EXCERPTED DATA START
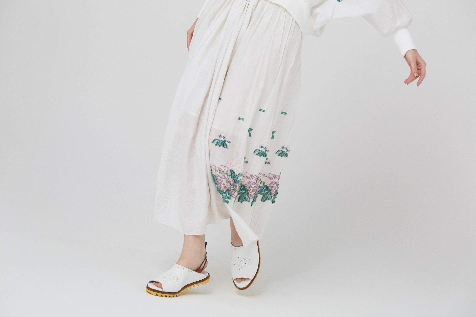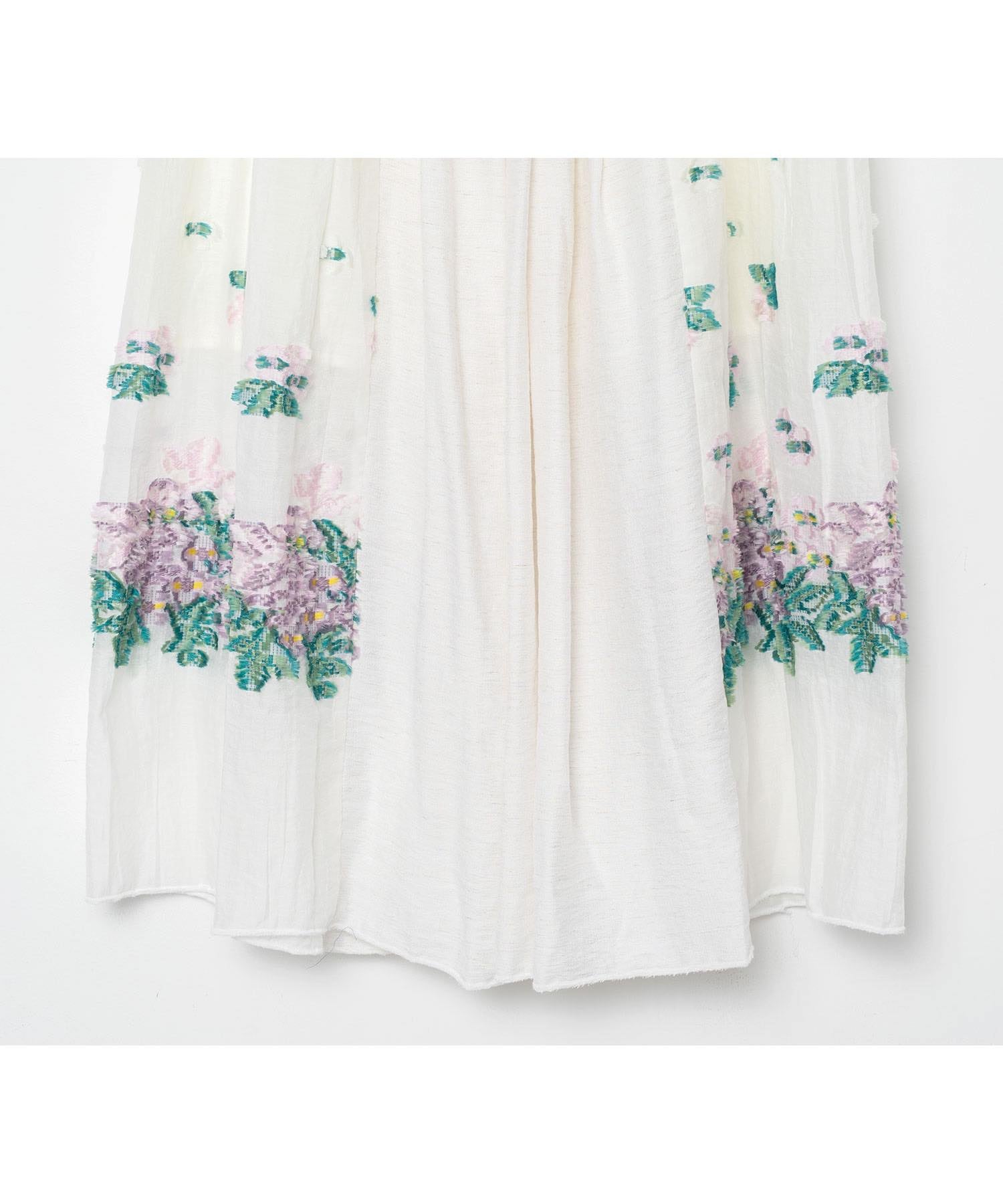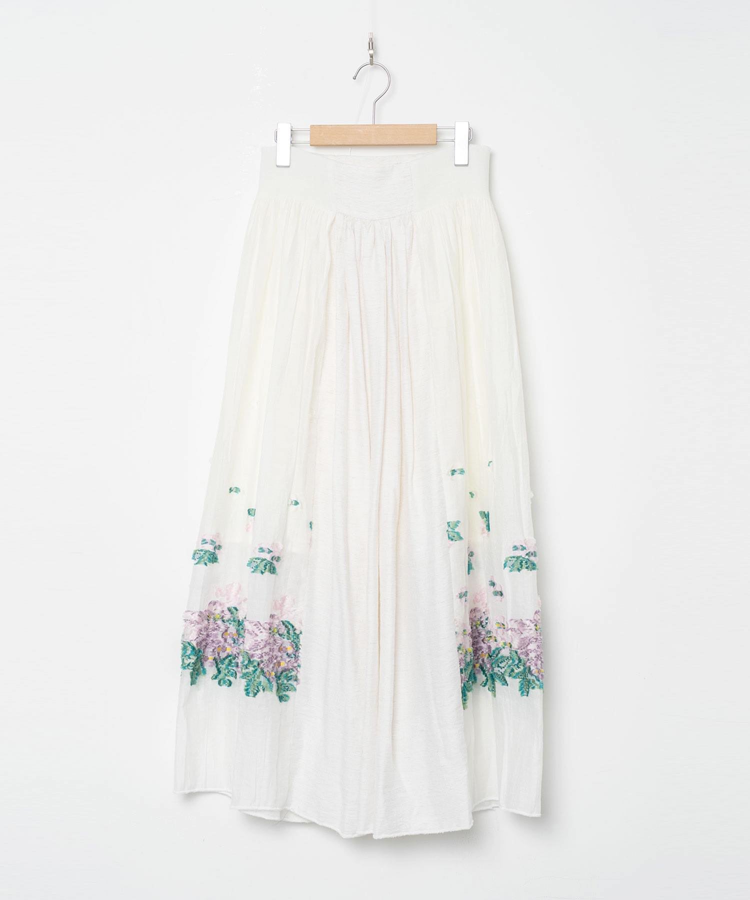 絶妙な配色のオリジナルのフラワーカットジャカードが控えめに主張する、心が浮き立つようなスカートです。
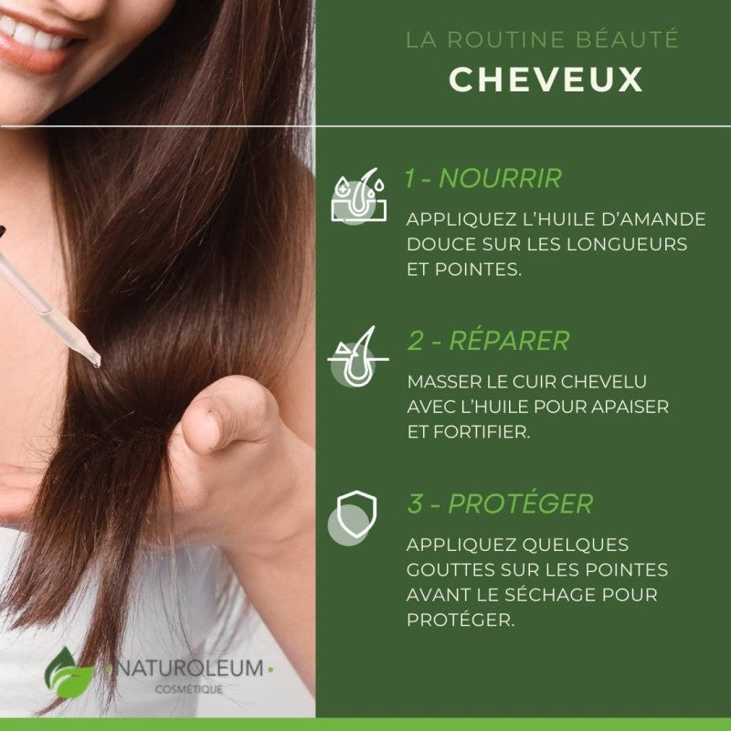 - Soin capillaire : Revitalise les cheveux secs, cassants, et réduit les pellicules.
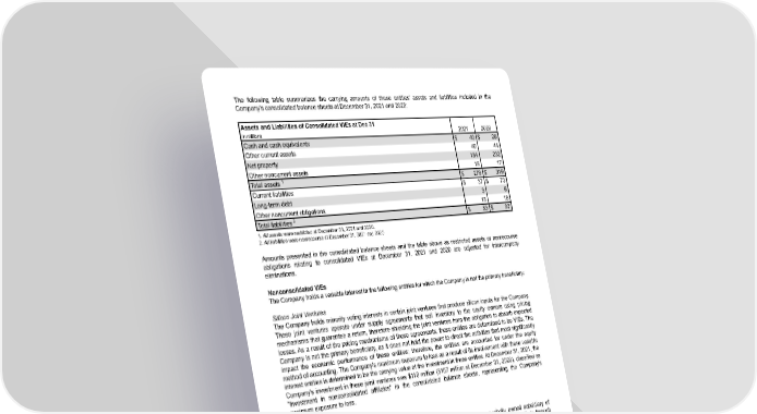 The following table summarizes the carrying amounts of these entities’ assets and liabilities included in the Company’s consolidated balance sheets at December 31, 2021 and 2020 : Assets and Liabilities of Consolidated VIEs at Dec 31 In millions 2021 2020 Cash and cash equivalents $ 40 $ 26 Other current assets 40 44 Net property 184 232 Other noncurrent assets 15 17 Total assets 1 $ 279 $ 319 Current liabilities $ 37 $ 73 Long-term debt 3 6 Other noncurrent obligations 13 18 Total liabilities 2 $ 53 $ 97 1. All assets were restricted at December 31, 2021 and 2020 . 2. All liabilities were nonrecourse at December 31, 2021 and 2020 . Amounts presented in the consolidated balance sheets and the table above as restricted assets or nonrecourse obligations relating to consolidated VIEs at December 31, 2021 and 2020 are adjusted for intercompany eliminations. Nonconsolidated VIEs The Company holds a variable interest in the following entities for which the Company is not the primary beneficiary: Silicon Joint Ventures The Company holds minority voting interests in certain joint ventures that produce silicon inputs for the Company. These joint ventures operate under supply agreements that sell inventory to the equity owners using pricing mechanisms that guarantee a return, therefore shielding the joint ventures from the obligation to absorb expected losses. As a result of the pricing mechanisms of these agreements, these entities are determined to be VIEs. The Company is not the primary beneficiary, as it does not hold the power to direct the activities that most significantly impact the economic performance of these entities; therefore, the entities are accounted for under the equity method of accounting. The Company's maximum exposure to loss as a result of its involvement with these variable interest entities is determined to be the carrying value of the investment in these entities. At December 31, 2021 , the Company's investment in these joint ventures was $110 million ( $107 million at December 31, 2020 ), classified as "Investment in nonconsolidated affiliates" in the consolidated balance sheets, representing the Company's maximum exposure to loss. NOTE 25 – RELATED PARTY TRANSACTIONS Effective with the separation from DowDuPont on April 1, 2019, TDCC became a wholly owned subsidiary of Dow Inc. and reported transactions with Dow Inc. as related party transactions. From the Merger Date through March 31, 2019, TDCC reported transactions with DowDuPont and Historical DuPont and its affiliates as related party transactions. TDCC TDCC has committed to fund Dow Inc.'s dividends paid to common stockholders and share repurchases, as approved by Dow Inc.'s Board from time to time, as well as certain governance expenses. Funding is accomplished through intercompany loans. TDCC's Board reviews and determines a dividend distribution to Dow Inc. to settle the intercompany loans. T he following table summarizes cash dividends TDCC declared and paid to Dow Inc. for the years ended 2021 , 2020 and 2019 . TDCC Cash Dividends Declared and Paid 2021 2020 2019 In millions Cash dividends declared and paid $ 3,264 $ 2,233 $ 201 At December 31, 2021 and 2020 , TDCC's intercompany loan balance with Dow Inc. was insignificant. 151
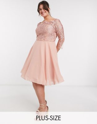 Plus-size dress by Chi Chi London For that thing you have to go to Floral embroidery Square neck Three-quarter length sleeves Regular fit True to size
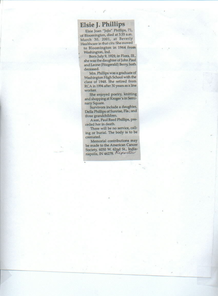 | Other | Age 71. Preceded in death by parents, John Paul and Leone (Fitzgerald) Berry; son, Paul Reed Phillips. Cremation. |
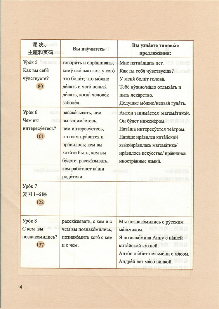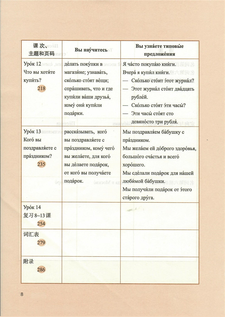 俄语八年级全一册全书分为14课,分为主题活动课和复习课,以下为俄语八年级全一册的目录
EXCERPTED DATA END
## PROBLEM TO SOLVE
The response should hold only an exact retyping of the lines from the beginning of the data through the line containing "- Soin capillaire", both ends kept, pictures omitted.

## THE ANSWER
 絶妙な配色のオリジナルのフラワーカットジャカードが控えめに主張する、心が浮き立つようなスカートです。
 - Soin capillaire : Revitalise les cheveux secs, cassants, et réduit les pellicules.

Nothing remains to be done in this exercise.